To address those skeptics, I’ve conducted an in-depth analysis of these discrepancies, which I am including in Appendix B (coming soon). This analysis demonstrates that even these discrepancies are not incriminating upon close inspection. Even if you were to cling to the misguided notion that the July 16 HBS version is the “correct” one to be using in comparison with the OSF dataset, you would discover—upon rigorous examination of each and every discrepancy—that they are far less suspicious than they have been portrayed.

Let me give you a sample of what I’m talking about:

(As a reminder, the study in question required participants to complete 20 math puzzles and then offered them $1 for each puzzle they reported to have solved correctly within 5 minutes.) In one of the observations, a participant reported completing 25 puzzles when the maximum was 20 (clearly an error). In another observation, a participant reported solving fewer puzzles than they actually solved (clearly an error). Again, in Appendix B, I go through every single one of the discrepancies and offer an explanation for why somebody – most likely, an RA –concluded there was a legitimate reason to correct the data.

At the same time, it is also important to reiterate: The dataset associated with this file—the July 16 HBS Version—is not the one that was ultimately used for the analysis in the PNAS paper. So it is perhaps not surprising that the dataset is imperfect or flawed – we did not use it.
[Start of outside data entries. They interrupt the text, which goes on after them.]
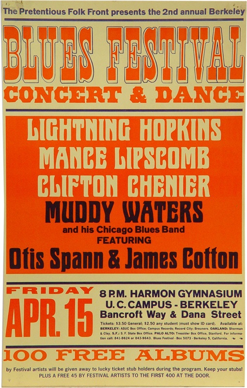 1966 Poster from the 2nd Annual Berkeley Blues Festival. Phenomenal All-Star line-up, featuring Muddy Waters, Lightning Hopkins, Otis Spann, James Cotton, Mance Lipscomb & Clifton Chenier. And all for only $3.50! H - 20” x W - 13”, printed in black and red on heavy yellow card stock. Condition NRMT, except for tack holes in each corner and a bit of tape and a shallow dent in the extreme upper left corner.
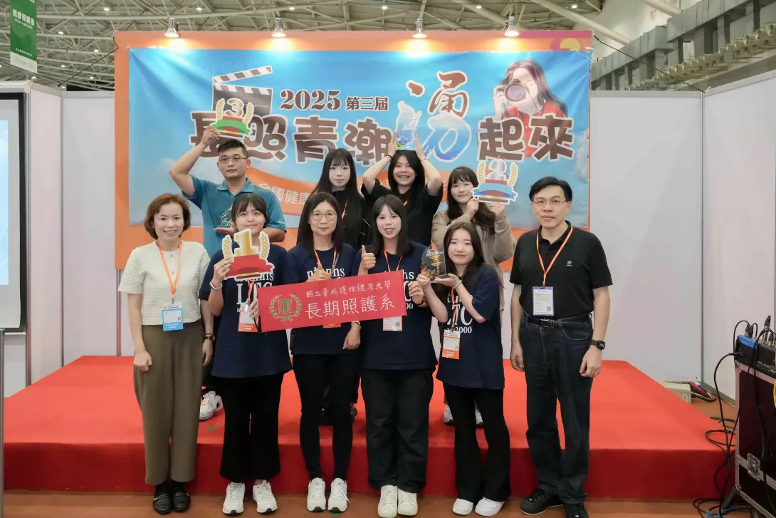 教育部國民及學前教育署攜手國立臺北護理健康大學長期推動青年投入長照教育及照顧服務,今(114)年9月26日上午在南港展覽館舉行「2025第三屆長照青潮湧起來~全國健康照護服務形象創意影片競賽」頒獎典禮。本次競賽計有24支隊伍報名參賽,分別來自全國北中南及離島地區,經過資格審查、專業評選、網路票選後產生12組團隊入圍。現場齊聚教育部、衛福部長官、產學界專家評審、各組入圍隊伍與長照相關領域人士,共同見證青年世代以影像創作展現健康照護服務的專業與溫度,翻轉大眾對長照的刻板印象。
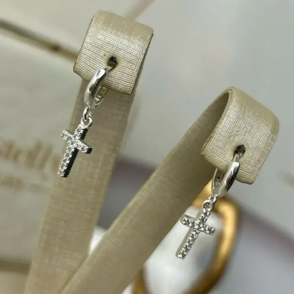 Argola cruz Cravejada (black) Banhado a PrataConfira opiniões e avaliações de clientes!
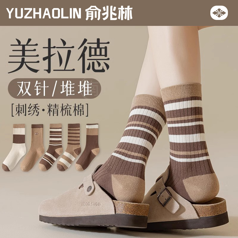 袜子女士春秋季中筒袜美拉德色系棉袜秋冬款长袜搭配勃肯鞋堆堆袜
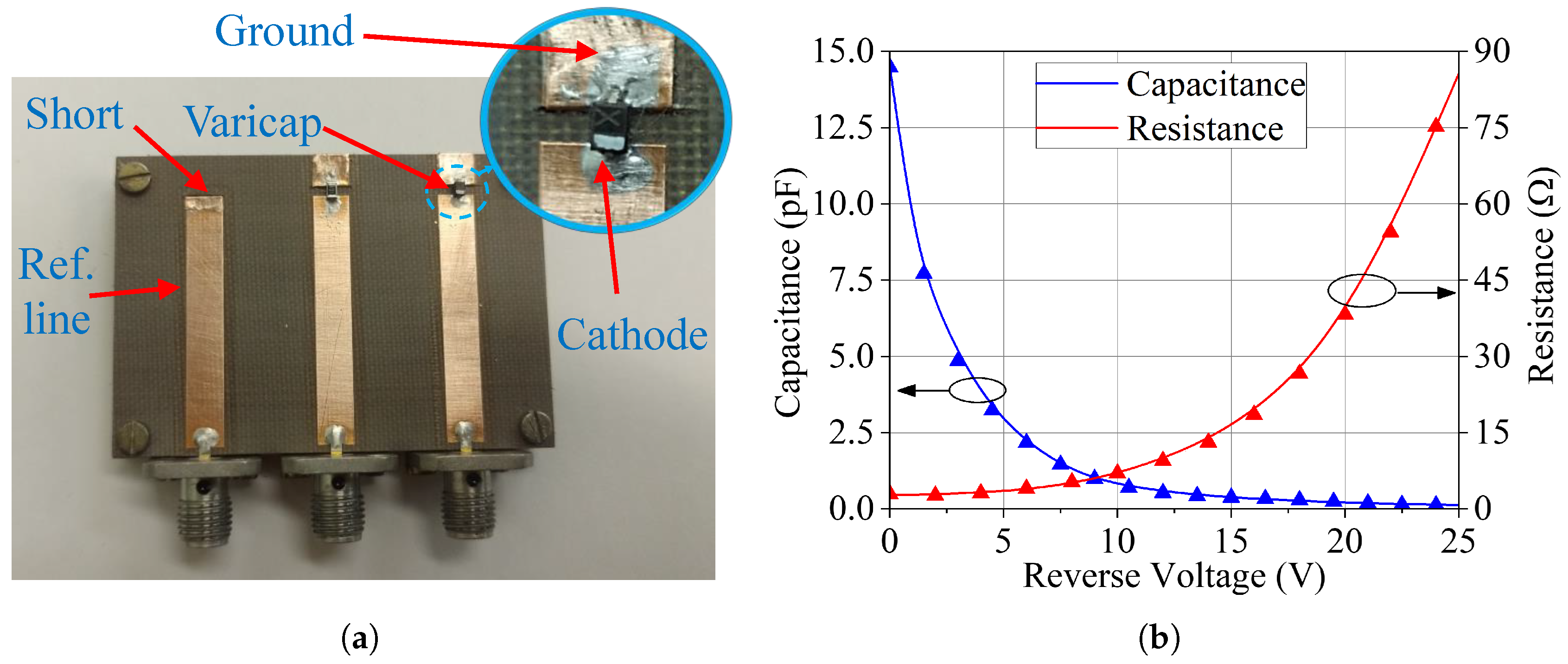 57]. The varactor diode, the solution adopted in this article, works as a continuously voltage-controlled low-loss capacitance, making it well-suited for antenna tuning [
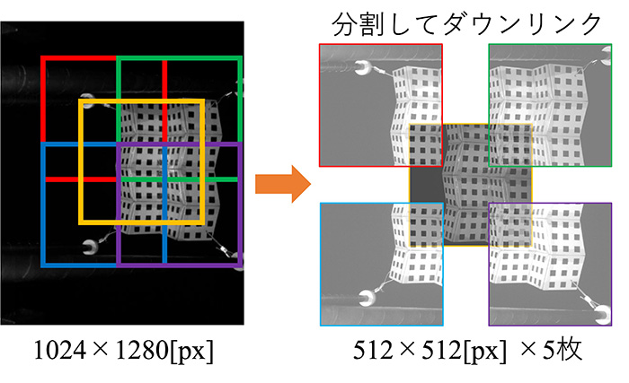 撮影領域を5分割して高解像度のまま複数回に分けて送信する「5領域分割撮影モード」の画像

What about the July 27 version of the dataset? Why did this version exist?

I don’t quite know the purpose of this file. For one, it lived on JF’s computer, not mine. However, a close look at the metadata for this file shows that the “last modified” date stamp on it is 2022. (The other files have date stamps from 2010.) So perhaps this was a copy JF made of an older file on her laptop? I simply do not know.

A final aside

The Data Colada - HBS linkage has become a source of dark comedy among my team. If you read the Data Colada posts carefully, you will see that time and time again, whenever they need to bolster their argument and strengthen their persuasive impact, they will make reference to HBS’s investigation, which they imply was much more comprehensive than anything they are showing their readers. Meanwhile, if you read HBS’s investigative report, you will see error-after-error-after-error in its handling of this matter.